What is the difference between a Unit Trust and an ETF?

Both Unit Trusts (also known as Mutual Funds in the United States) and ETFs (Exchange-Traded Funds) are examples of Collective Investment Schemes (CIS), which refers to an investment fund managed by a professional fund manager, with money pooled together with other investors. They can potentially invest in different assets such as equities, bonds or cash, and across different geographies as well as sectors. While both Unit Trusts and ETFs enable investors to diversify their portfolio, there is a perennial debate on which is a better investment vehicle. In this article, we break down the key differences between these two products.

 

What is an ETF?

An ETF is usually a passively managed fund, comprising a basket of securities that tracks an underlying index in the market. It trades on a public exchange with intraday price share fluctuations, similar to a regular stock, as the shares are being bought and sold1. A couple of most commonly traded ETFs include SPDR S&P500, iShares MSCI Pacific ex Japan ETF and Vanguard FTSE Emerging Market ETF.

The most commonly-cited benefits of ETFs include their potentially low-cost, transparent and tax-efficient structure.

Examples of ETFs on our shelf include Lion-Phillip S-REIT ETF, Lion-OCBC Securities Hang Seng TECH ETF, Lion-OCBC Securities China Leaders ETF and Lion-OCBC Securities Singapore Low-Carbon ETF.

 

What is a Unit Trust?

Generally, a Unit Trust is an actively managed investment fund. Individual investors’ money is pooled together in a Unit Trust, and the fund manager has the discretion to invest in different assets such as stocks and/or bonds,2. Fund investors have proportional ownership of said fund.

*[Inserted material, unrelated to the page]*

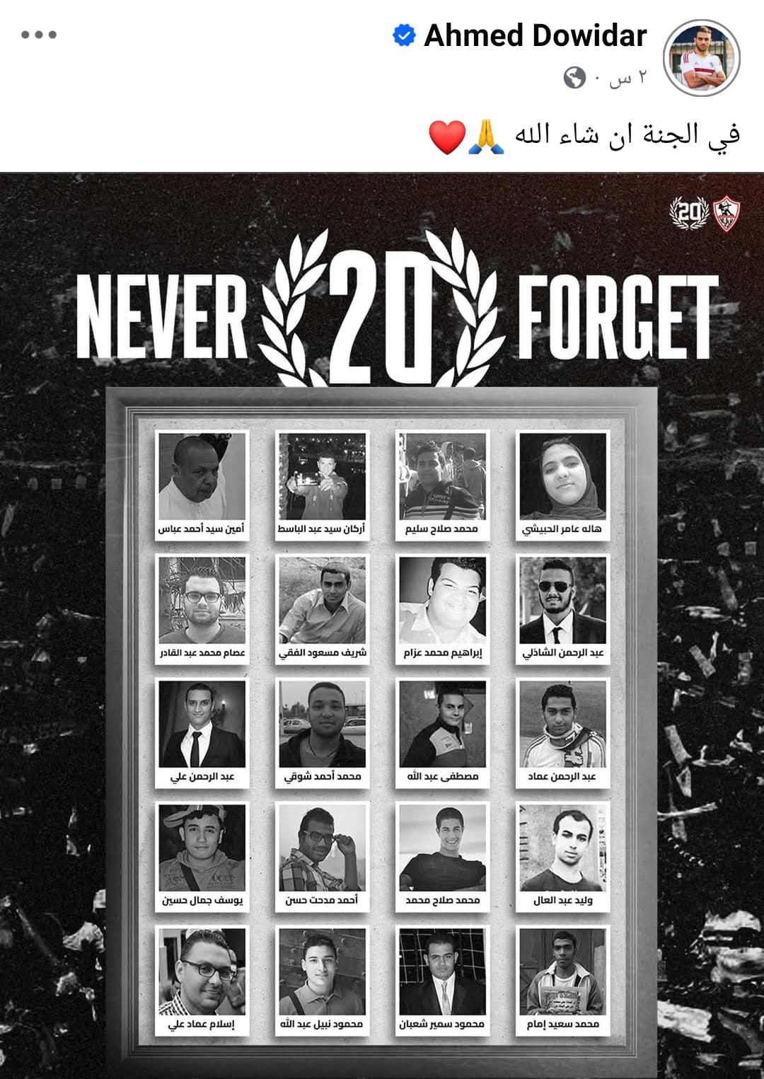 ونشر دويدار صورة عبر الرسمي على موقع التواصل الاجتماعي "فيسبوك" لافتة لجماهير النادي مكتوب عليها "في الجنة ان شاء الله ".
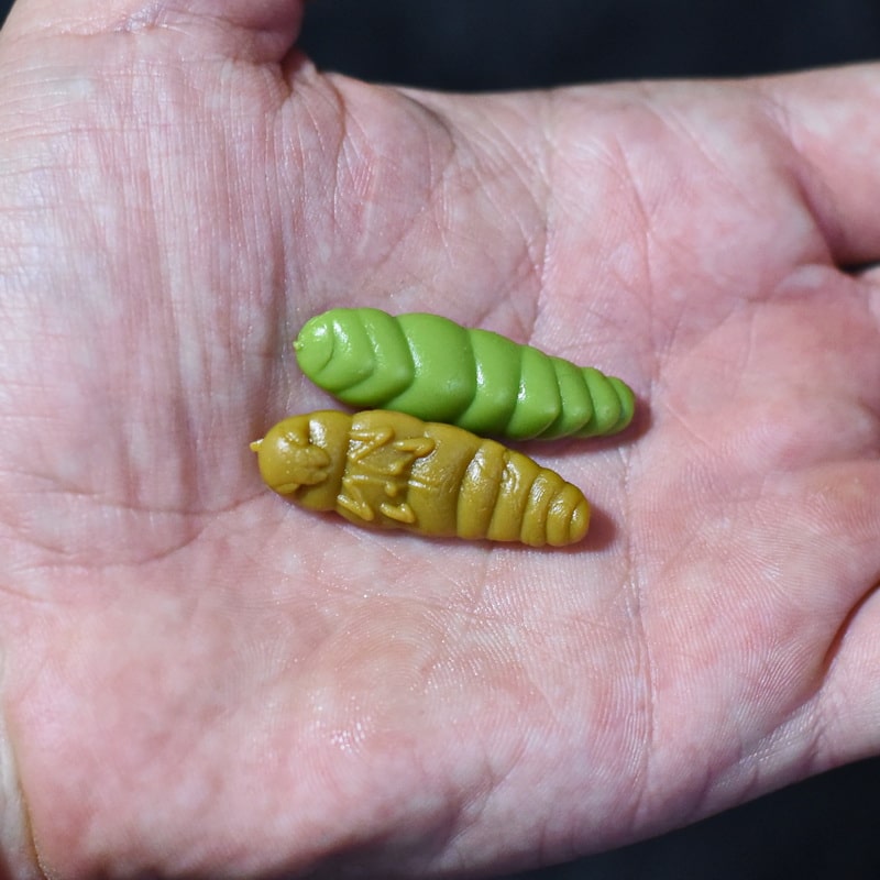 Приманка, изначально предназначавшаяся для спортивной ловли форели. Как оказалось на деле, эти личинки просто сумасшедшим образом ловят такого белого хищника, как голавль, язь и жерех. Прекрасные результаты эта приманка показала при ловле карася, леща и прочих мирных рыб при помощи микроджига. Отлично ловит морскую рыбу – скорпена, зеленушка, ставрида, морской карась. И всё это благодаря уникальному составу материала, сильнейшего аттрактанта и уникальнейших форм. Считаю, что эти личинки могут совершить революцию в спиннинговой ловле.

We have over 50 Unit Trusts on our shelf, including LionGlobal Disruptive Innovation Fund, LionGlobal Singapore Dividend Equity Fund, LionGlobal Asia Pacific Fund, and LionGlobal Short Duration Bond Fund.

 

What are their Key Differences?

There are a few distinct differences between these two products.

 

1. LIQUIDITY

ETFs are traded on an exchange, and their units can be bought and sold intraday during trading hours. Unit Trusts are subscribed and/or redeemed once a day after market close. Each buy and/or sell trade will be executed at the next available net asset value (NAV) that is calculated after close of market.

 

2. FEES

Unit Trusts are often known to have higher costs than ETFs. To start, Unit Trusts typically have higher management fees that contribute to a higher total expense ratio (TER) than ETFs. A TER for active Unit Trusts can range between 1.5% to 2.5% per annum (p.a.), while that of ETFs can be below 0.5% p.a.3.However, that may not always be the rule of thumb. A case in point will be the LionGlobal All Seasons Fund that has a TER capped at 0.5% p.a, in our mission to promote low-cost investing among investors. For Unit Trusts, there are also fees involved such as initial sales charges, switching fees, redemption charges and recurring fees. Again, there are also exceptions with a Singapore digital platform charging 0% sales or redemption charge.

 

3. MANAGEMENT STYLE

While most ETFs are passive in nature, we have seen a growth of actively-managed ETFs of late. For active ETFs, fund managers have the discretion to pick and trade stocks to generate returns. Unlike passive ETFs that serve to replicate the performance of a given index, an active ETF aims to beat its performance.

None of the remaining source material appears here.